Does it need a better explanation in the spec? I'm never going to disagree with that suggestion. But as I think I mentioned in the original issue, once you try to implement it, it turns out it can only be done one way. I'd agree that's a bit later in the process than it should be, and I'd support some sort of worked example as an explanatory note in the spec if that's what you had in mind?
Is that the kind of use case you're thinking of? Because it's the only case I think the current design really can't handle
That's what I meant when I said (as a potential expansion) the following:
suppose we succeed in doing that, do we also want to be able to share subtrees from the struct tree?
But the rest of the problems apply even if you have separate independent subsections of the structure tree, as long as the underlying content is shared. You can do the forward lookup if the tree does not have duplicate sections (it already can't currently, due to parent pointers), but the backward lookup is ill defined.
but I don't see a pressing need to fix this
From my experience, object reuse is fairly common, and in fact, if you didn't need to reuse, you could do away with the XObject entirely and just put it into the page stream.
But it is a valid position if you want to take it, that people with such object reuse need to refactor those documents so that the shared portions they wana tag are cloned and tagged separately, as I mentioned in "my current solution".
If that is our position, we should make it explicit, because it's not obvious imo. (In fact, this whole conversation started because the CURRENT spec mentions OBJRs and "rendered on multiple pages")
it's nice to have, but I've yet to find a need for it
I do agree that there's always a way around it if you know what you're doing, and you can avoid inflicting this problem on yourself if you just created docs in the "correct" way. But I think you run into this problem more if you're somehow trying to add tags to existing documents that have weird XObject reuse, and people can easily inflict problems on themselves if the spec does not help them steer clear.

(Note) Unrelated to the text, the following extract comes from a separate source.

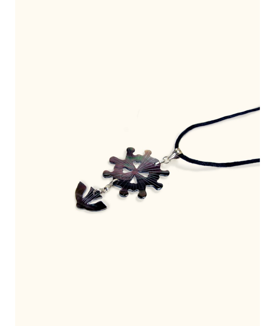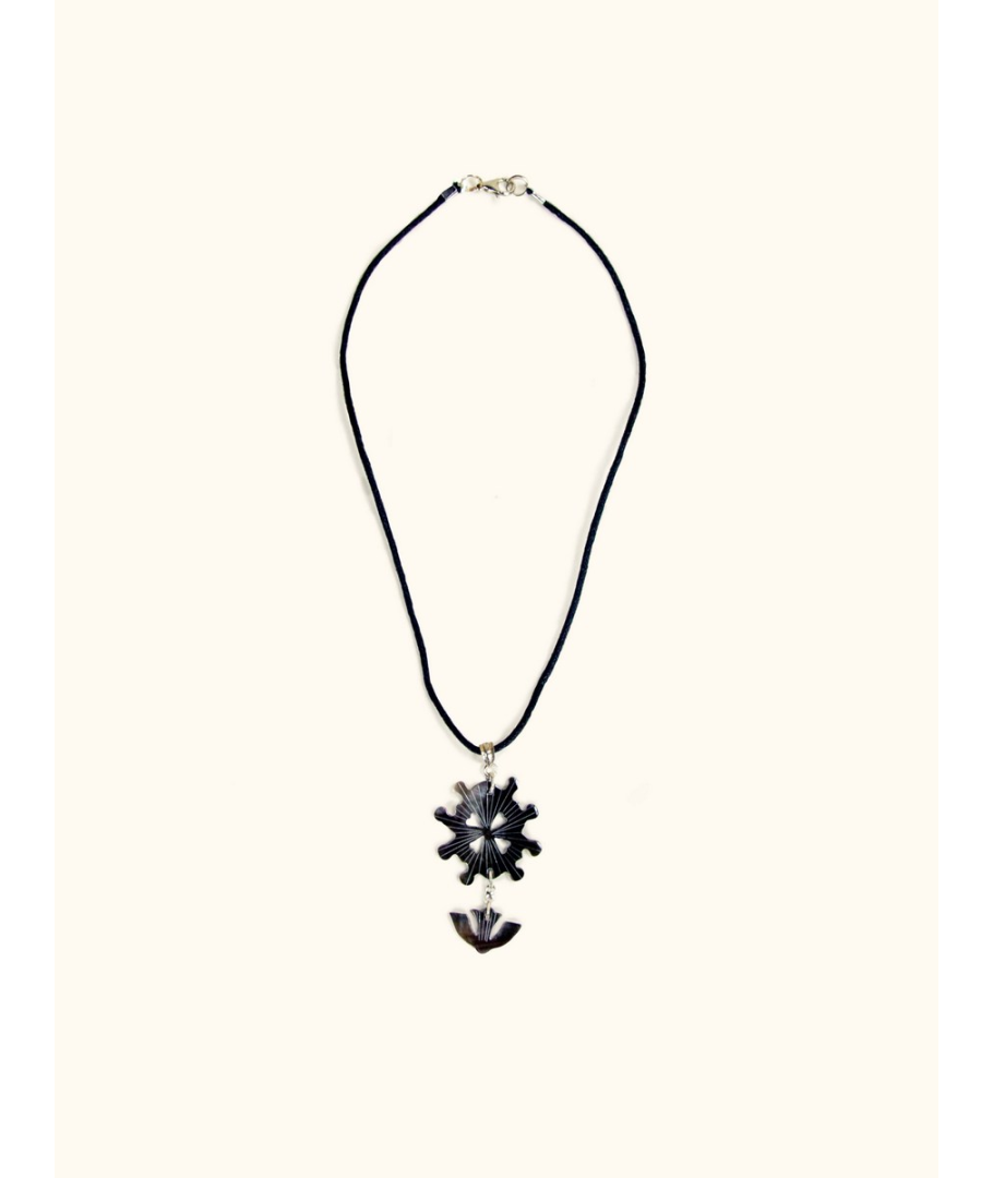 Pendentif petite croix huguenote nacre brune ficelle

For each copy of the brand logo, create a unique XObject with a StructParent (which exists once in the tree), and draw the actual brand logo XObject inside it.
This falls under the case for:
but if the shared section can be tagged together, then it can continue to be shared
You can do better actually, (i.e. you don't need to create a "wrapper XObject", unless you really wana use OBJR for some reason), just tag around the separate Do operators invoking the original shared object, if you're able to reuse the ENTIRE shared object (as a blackbox, as you say).
The cloning is for if you have structure within that object, then it must be duplicated.
Separately, this correct way of doing it is not obvious that it's required, and is different what the spec says about OBJRs currently (aka people would default to following the spec's recommendation and use OBJR instead MCID/MCR around the Do, and the tagged reuse becomes ill defined)
once you try to implement it, it turns out it can only be done one way.
I don't believe this is true at all, if you look at the other issue, it was confused for over a year with no solution. This current thread is my summary after a long time dealing with it. I've seen people (including myself) try to deal with it with a partial understanding and end up with documents with broken lookups. (it's not obvious it's broken, as in it still works, in both directions. It's just not a bijection)
NOTE 2 If the referenced object is rendered on multiple pages, each rendering requires a separate object reference. However, if it is rendered multiple times on the same page, just a single object reference suffices to identify all of them.
To clarify, this note under 14.7.5.3 PDF objects as content items is what I'm referring to. Deleting/changing it is a necessary, but imo not sufficient, step toward consistency and clarity in the spec.